Data shown Block Start

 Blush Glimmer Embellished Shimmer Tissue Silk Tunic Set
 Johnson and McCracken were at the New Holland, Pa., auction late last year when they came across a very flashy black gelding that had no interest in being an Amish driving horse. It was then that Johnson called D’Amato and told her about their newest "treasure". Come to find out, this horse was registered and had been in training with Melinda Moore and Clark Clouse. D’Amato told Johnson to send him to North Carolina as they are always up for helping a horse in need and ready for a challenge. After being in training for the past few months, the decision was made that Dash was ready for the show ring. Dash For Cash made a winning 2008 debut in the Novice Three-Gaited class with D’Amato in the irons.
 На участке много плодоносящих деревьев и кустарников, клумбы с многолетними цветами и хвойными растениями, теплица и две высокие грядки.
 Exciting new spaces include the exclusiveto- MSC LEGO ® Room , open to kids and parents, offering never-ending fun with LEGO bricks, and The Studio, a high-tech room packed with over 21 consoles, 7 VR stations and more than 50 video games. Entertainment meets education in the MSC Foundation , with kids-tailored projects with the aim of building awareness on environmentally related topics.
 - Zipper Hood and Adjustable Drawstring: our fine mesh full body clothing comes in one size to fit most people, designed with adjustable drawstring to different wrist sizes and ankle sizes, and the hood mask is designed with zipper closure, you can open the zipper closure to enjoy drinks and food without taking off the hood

Data shown Block End
Data shown Block Start

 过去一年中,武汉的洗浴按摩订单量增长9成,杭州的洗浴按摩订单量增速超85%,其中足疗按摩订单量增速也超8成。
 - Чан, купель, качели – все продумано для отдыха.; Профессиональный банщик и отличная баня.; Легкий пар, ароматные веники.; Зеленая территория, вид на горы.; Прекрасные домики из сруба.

Data shown Block End

- **What the task asks**: The answer should be only the number of lines in the data that contain the string "open".

- **Exercise answer**: 2